Information shown:

- Opening Delimiter -

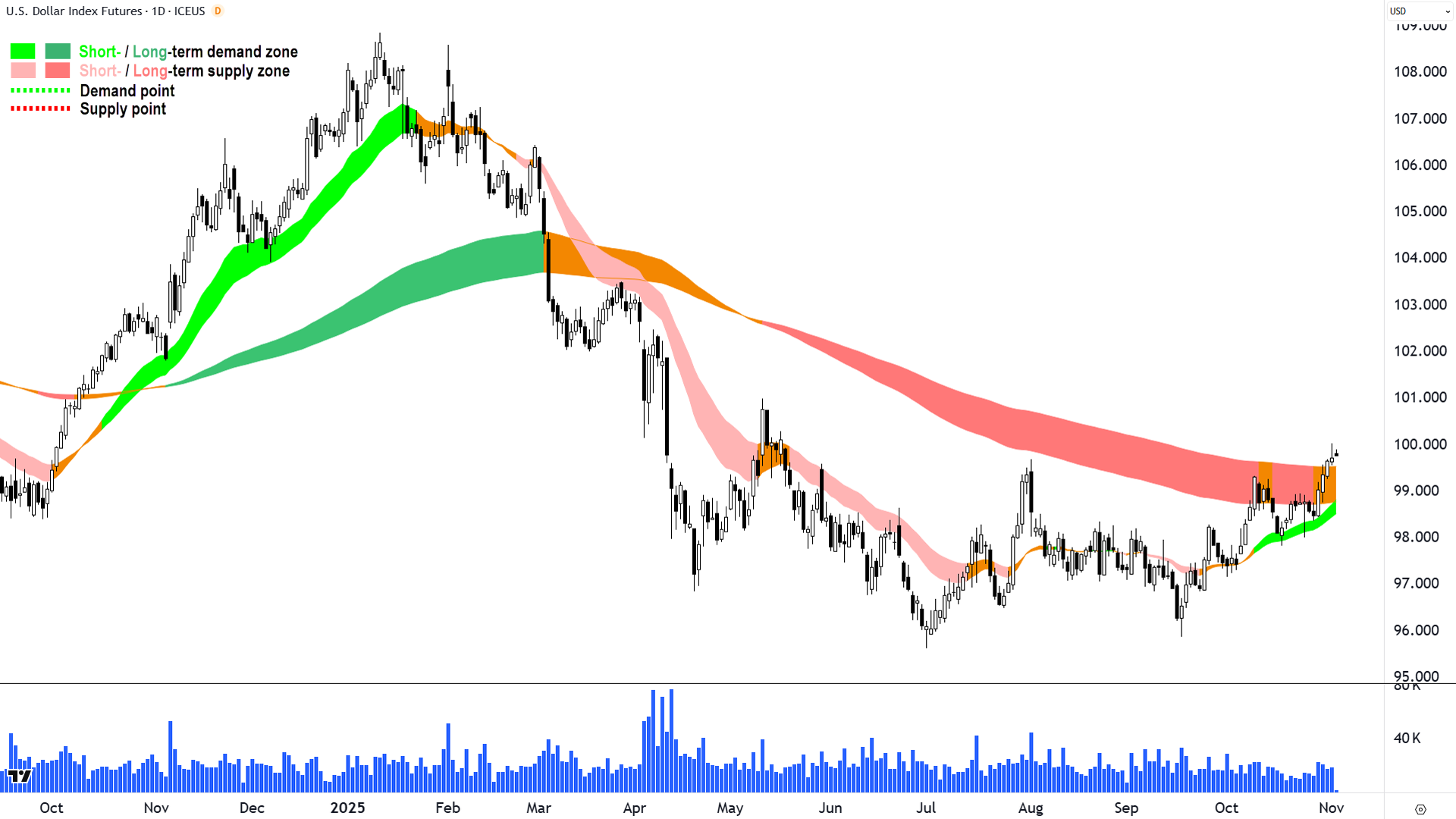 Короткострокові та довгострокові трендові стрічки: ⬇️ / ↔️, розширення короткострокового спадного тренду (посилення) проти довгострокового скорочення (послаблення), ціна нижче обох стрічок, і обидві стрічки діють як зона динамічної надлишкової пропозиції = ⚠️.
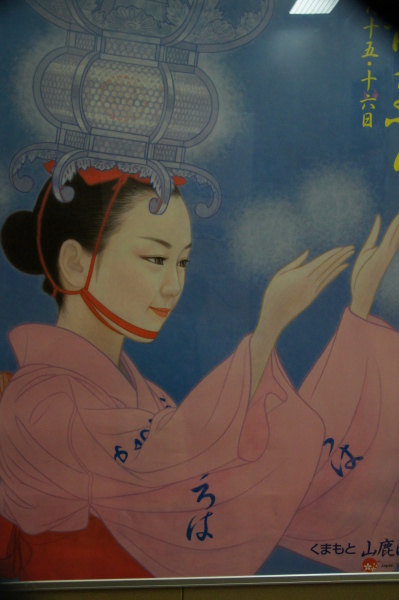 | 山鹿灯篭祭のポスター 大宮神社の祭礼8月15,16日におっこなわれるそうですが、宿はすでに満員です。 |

- Closing Delimiter -
- Opening Delimiter -

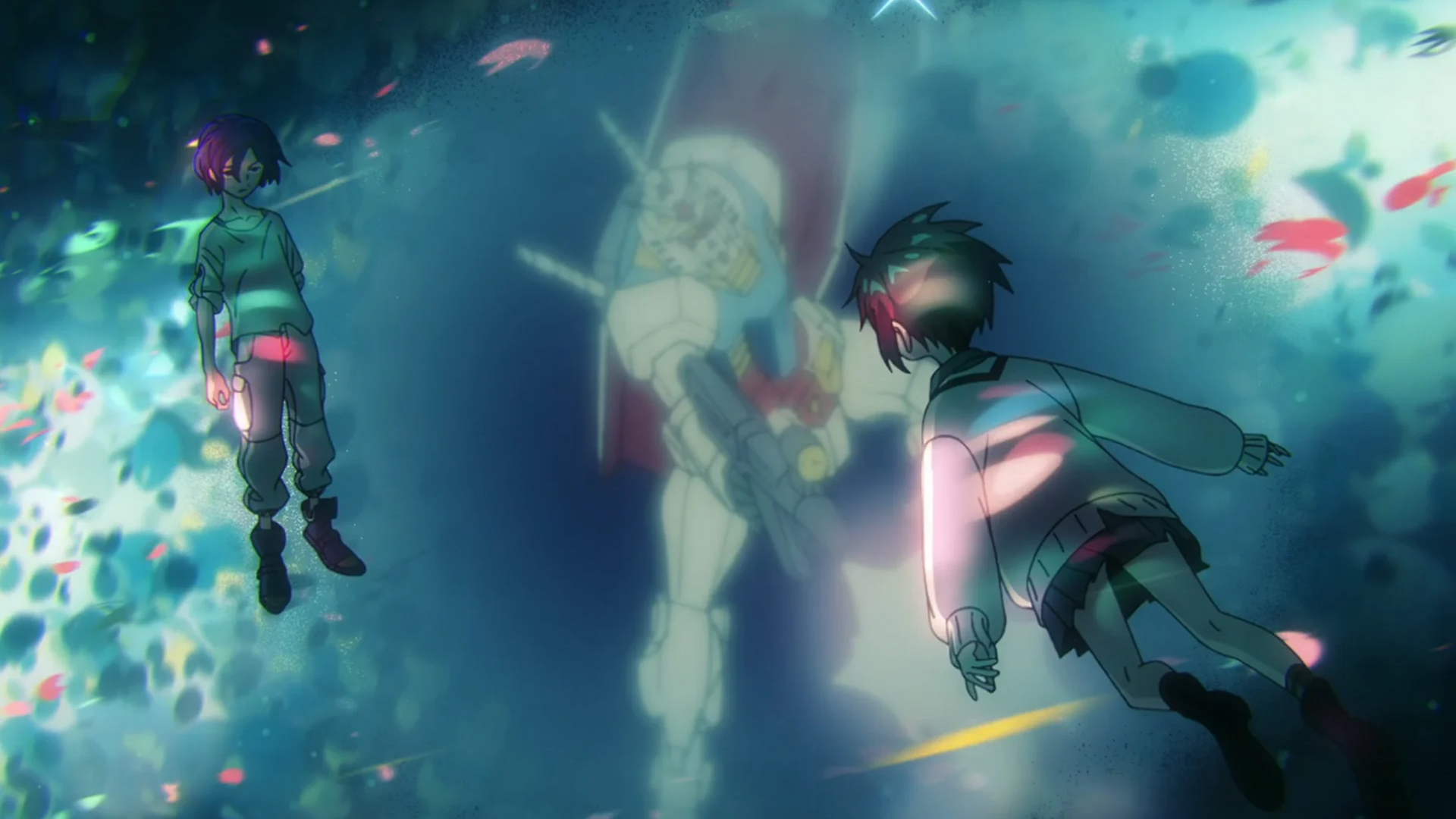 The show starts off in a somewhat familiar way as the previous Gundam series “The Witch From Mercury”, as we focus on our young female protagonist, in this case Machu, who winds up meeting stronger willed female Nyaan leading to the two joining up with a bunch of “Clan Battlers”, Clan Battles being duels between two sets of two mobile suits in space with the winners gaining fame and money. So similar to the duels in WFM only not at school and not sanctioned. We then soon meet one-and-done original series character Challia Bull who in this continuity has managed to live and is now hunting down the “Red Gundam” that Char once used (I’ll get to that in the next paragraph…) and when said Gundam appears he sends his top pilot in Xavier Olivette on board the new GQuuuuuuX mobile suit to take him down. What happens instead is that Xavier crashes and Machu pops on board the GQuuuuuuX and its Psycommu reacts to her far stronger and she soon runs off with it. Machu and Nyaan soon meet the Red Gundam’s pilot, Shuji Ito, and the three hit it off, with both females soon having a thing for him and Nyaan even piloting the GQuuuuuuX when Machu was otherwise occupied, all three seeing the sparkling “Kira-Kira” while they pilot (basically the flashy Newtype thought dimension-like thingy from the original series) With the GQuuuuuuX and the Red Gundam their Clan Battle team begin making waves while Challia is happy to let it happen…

- Closing Delimiter -

Your goal:
Retype only the lines above from the one with "Короткострокові та довгострокові" through the one with "山鹿灯篭祭のポスター 大宮神社の祭礼8月15,16日におっこなわれるそうですが、宿はすでに満員です。 |", exactly and with both ends. Images stay out.

Exercise solution:
 Короткострокові та довгострокові трендові стрічки: ⬇️ / ↔️, розширення короткострокового спадного тренду (посилення) проти довгострокового скорочення (послаблення), ціна нижче обох стрічок, і обидві стрічки діють як зона динамічної надлишкової пропозиції = ⚠️.
 | 山鹿灯篭祭のポスター 大宮神社の祭礼8月15,16日におっこなわれるそうですが、宿はすでに満員です。 |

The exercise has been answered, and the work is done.